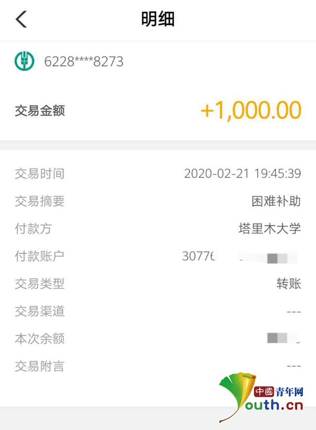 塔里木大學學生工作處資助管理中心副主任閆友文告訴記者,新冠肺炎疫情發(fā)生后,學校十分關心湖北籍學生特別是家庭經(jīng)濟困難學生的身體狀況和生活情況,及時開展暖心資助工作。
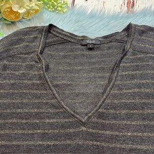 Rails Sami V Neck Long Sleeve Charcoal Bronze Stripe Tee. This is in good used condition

....

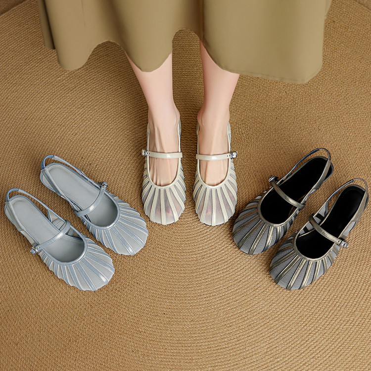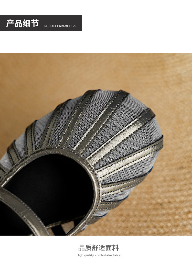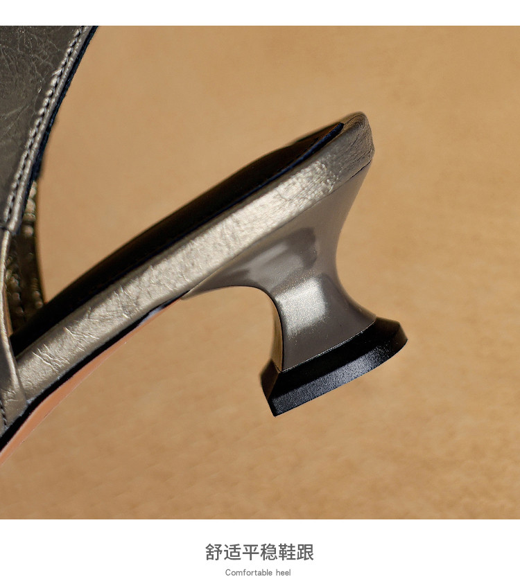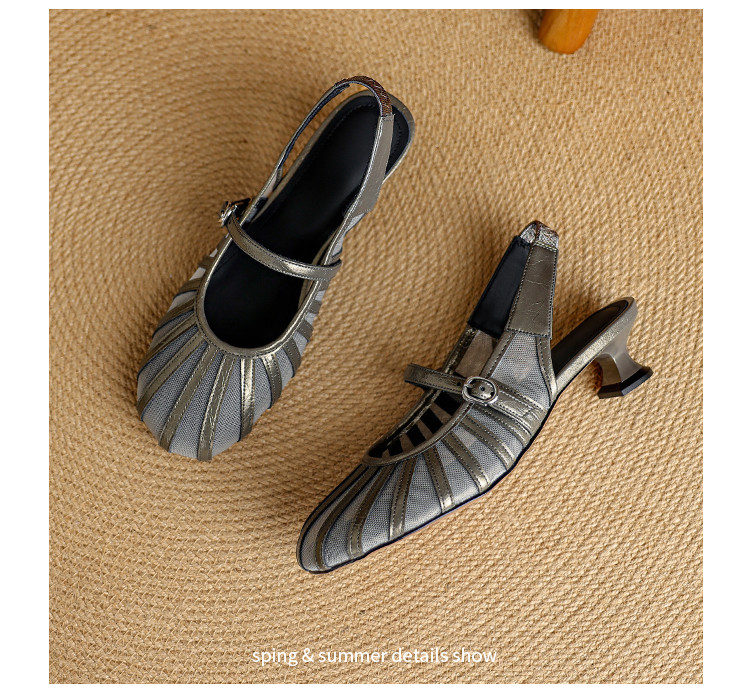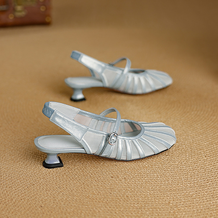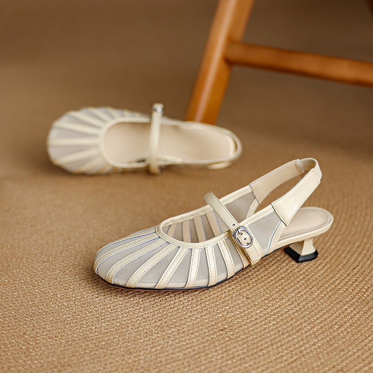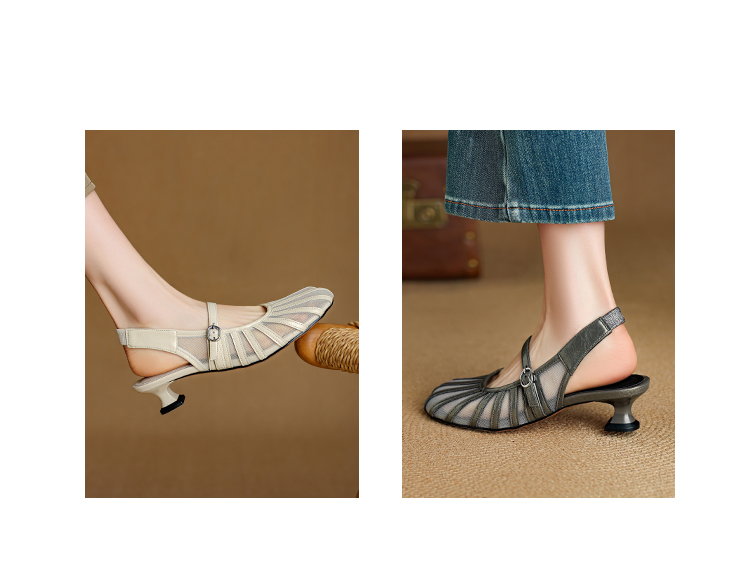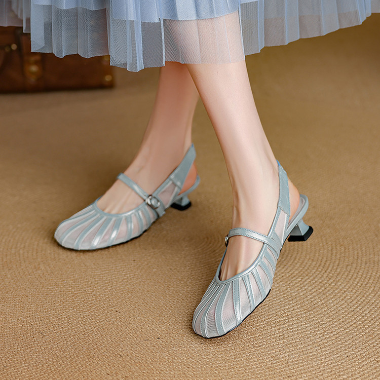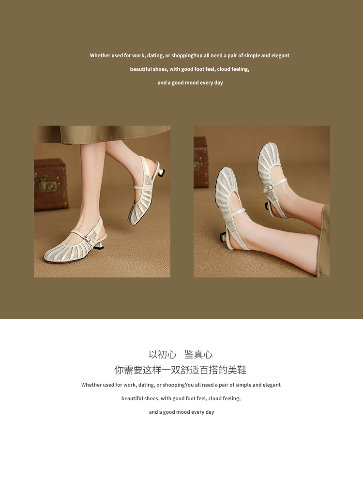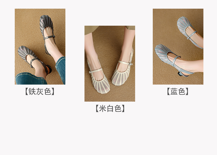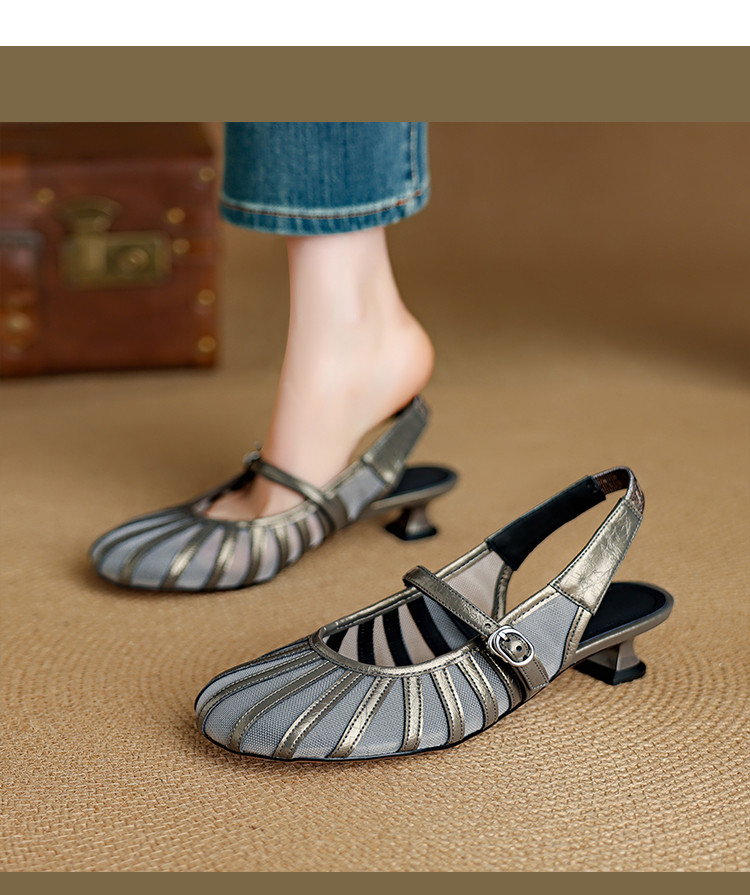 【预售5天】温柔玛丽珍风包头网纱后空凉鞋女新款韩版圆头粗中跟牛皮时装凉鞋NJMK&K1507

....

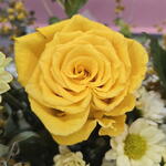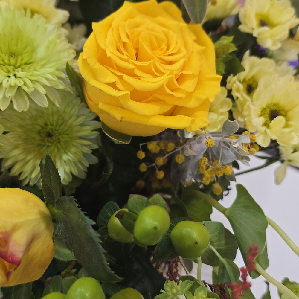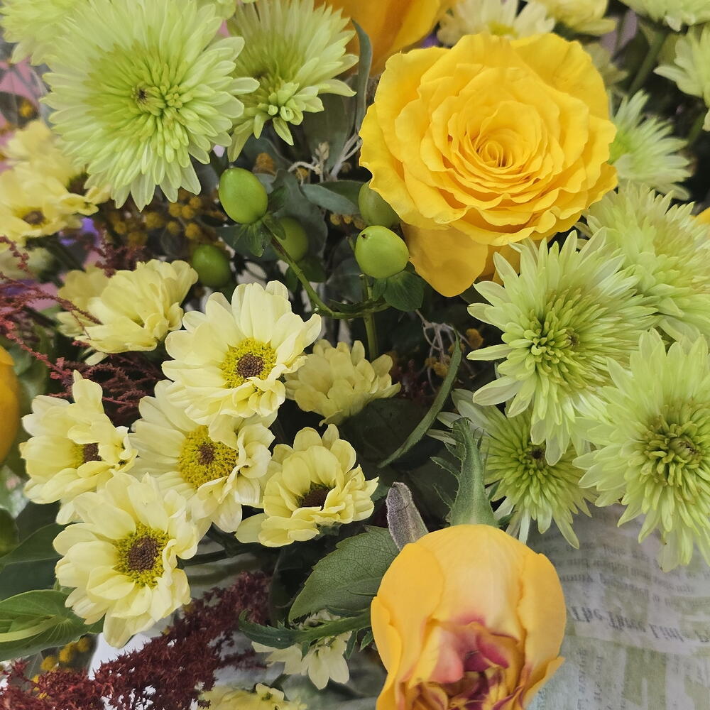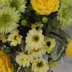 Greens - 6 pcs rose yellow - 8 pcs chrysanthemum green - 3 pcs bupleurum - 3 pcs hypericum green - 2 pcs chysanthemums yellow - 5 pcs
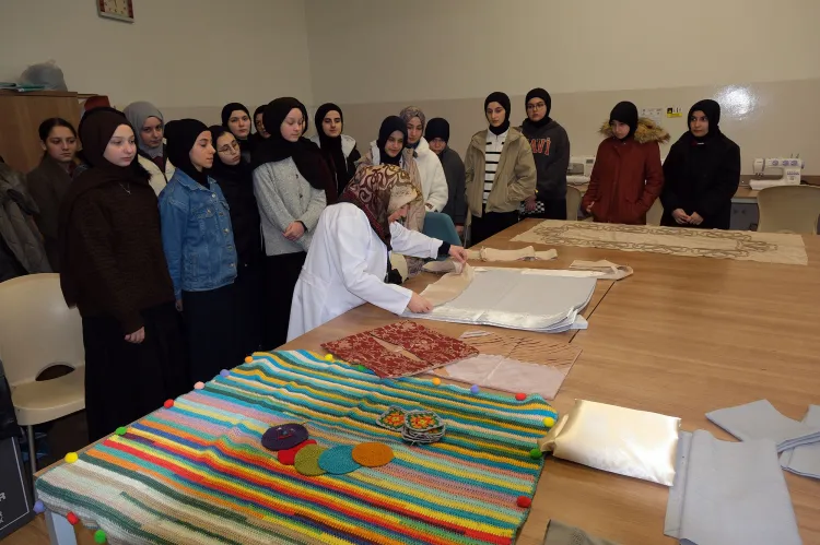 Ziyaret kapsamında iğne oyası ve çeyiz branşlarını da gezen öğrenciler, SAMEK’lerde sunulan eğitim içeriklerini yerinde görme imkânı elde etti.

....

_Task requirements_
While skipping the pictures, transcribe the data above from the line showing "塔里木大學學生工作處資助管理" through the line showing "Rails Sami V", exactly and with both ends.

_Task solution_
 塔里木大學學生工作處資助管理中心副主任閆友文告訴記者,新冠肺炎疫情發(fā)生后,學校十分關心湖北籍學生特別是家庭經(jīng)濟困難學生的身體狀況和生活情況,及時開展暖心資助工作。
 Rails Sami V Neck Long Sleeve Charcoal Bronze Stripe Tee. This is in good used condition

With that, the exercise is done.